> **TASK DIRECTIONS**
Lines from the one containing "- Living/Kitchen Area: A" through the end of the data below are to be transcribed exactly; leave out all others.
══ RECORD EXCERPTS ══
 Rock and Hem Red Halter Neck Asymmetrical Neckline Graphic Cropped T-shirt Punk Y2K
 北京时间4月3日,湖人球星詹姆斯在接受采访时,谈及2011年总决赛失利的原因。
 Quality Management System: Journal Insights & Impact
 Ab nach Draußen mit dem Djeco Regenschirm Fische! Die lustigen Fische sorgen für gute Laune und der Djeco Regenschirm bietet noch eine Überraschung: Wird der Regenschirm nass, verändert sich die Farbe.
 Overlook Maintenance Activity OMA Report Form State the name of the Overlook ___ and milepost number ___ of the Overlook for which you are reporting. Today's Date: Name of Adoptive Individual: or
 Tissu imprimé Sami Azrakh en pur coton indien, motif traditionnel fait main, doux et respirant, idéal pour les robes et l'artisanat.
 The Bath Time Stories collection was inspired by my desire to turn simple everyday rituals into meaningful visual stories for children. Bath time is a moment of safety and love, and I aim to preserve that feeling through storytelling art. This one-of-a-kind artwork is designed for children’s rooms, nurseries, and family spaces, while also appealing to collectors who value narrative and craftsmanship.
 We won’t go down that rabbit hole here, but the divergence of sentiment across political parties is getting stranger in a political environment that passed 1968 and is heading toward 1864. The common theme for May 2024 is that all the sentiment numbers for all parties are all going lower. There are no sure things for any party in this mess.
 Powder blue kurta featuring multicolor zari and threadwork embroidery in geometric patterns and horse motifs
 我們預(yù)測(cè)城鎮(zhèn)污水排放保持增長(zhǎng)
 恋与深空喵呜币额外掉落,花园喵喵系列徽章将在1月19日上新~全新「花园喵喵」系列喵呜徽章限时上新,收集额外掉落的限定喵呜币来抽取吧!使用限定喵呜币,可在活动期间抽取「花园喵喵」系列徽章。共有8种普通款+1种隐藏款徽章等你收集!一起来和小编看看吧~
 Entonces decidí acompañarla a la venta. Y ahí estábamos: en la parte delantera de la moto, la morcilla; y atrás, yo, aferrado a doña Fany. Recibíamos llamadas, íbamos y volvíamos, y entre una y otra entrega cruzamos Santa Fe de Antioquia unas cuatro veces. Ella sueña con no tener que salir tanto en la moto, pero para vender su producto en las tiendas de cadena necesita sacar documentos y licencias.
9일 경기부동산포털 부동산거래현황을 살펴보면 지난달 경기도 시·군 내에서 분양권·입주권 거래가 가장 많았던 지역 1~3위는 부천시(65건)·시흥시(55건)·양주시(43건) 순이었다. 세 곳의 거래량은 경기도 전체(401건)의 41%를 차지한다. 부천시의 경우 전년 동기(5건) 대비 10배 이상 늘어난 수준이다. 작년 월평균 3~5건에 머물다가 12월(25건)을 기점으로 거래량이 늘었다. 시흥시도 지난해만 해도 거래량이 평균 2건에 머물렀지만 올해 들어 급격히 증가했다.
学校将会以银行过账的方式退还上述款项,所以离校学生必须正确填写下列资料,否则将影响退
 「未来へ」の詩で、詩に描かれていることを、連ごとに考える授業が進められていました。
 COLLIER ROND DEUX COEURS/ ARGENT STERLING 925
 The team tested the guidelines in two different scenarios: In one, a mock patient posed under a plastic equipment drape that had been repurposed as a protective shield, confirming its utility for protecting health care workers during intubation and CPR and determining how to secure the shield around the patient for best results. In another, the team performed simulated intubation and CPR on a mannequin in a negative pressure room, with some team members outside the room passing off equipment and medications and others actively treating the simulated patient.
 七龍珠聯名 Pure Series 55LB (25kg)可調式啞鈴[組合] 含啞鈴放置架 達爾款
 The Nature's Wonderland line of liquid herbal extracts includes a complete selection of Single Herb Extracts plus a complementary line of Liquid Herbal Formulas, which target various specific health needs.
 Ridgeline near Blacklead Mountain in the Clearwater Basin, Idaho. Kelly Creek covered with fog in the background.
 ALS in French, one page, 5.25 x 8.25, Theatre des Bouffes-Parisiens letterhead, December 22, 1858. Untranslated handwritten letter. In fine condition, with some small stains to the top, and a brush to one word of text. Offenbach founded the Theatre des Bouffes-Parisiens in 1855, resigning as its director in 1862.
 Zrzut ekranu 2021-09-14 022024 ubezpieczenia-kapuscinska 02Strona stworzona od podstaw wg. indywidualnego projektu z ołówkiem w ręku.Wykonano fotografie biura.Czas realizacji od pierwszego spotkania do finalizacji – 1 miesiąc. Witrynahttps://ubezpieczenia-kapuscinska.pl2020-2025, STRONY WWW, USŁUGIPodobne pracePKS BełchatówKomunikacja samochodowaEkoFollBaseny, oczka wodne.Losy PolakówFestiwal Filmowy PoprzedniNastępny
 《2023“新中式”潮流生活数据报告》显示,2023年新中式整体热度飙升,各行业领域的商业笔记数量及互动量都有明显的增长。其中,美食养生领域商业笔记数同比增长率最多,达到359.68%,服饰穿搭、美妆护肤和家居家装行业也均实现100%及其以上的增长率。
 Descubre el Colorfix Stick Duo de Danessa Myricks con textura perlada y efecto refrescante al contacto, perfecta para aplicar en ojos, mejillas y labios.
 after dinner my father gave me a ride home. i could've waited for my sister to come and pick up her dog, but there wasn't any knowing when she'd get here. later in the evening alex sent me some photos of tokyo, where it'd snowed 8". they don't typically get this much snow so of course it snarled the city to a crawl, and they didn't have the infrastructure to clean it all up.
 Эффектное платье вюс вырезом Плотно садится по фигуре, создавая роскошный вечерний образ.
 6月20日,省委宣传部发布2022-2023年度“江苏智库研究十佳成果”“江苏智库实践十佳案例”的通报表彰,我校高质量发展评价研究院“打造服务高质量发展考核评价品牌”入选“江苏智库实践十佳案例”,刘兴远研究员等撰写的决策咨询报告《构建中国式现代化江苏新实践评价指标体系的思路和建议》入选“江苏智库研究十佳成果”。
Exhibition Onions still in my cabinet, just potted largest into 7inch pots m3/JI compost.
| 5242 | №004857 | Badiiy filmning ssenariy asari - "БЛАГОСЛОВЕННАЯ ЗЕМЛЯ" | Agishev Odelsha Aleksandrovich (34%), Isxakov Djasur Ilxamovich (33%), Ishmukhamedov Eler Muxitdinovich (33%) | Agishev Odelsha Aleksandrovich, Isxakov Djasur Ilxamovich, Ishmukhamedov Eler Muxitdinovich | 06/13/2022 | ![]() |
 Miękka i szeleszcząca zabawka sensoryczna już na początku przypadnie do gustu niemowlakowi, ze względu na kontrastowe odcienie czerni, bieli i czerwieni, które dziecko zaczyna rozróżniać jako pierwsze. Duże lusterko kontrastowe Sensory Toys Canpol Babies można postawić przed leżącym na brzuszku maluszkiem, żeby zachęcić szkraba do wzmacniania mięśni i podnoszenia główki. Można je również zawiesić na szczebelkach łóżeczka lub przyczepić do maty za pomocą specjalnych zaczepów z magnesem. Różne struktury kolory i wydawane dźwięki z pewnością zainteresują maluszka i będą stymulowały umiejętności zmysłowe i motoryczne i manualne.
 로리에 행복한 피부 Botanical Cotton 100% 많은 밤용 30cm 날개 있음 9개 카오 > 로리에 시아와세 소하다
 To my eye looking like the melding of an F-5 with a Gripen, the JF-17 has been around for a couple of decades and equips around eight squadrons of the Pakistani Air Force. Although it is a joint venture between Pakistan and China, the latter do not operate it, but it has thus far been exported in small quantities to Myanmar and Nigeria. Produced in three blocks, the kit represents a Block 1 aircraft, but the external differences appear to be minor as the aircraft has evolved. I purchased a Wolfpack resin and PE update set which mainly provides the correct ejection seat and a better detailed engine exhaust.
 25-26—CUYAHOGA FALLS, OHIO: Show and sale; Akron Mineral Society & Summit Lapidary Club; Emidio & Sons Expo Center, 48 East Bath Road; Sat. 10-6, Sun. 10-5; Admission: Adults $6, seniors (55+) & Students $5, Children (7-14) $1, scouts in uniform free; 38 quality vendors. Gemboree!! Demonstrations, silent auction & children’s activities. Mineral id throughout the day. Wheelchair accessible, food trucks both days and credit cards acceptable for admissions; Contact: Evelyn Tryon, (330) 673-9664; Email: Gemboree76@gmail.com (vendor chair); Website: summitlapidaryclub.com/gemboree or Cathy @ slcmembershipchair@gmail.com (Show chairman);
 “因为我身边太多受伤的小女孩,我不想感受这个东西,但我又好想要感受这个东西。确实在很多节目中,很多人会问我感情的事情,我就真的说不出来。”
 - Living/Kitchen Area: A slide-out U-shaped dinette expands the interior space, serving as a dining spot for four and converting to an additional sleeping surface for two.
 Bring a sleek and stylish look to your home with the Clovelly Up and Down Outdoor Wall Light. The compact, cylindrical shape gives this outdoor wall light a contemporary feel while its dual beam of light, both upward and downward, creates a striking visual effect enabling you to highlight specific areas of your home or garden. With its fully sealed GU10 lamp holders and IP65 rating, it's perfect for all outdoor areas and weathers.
═══
> **ANSWER BELOW**
 - Living/Kitchen Area: A slide-out U-shaped dinette expands the interior space, serving as a dining spot for four and converting to an additional sleeping surface for two.
 Bring a sleek and stylish look to your home with the Clovelly Up and Down Outdoor Wall Light. The compact, cylindrical shape gives this outdoor wall light a contemporary feel while its dual beam of light, both upward and downward, creates a striking visual effect enabling you to highlight specific areas of your home or garden. With its fully sealed GU10 lamp holders and IP65 rating, it's perfect for all outdoor areas and weathers.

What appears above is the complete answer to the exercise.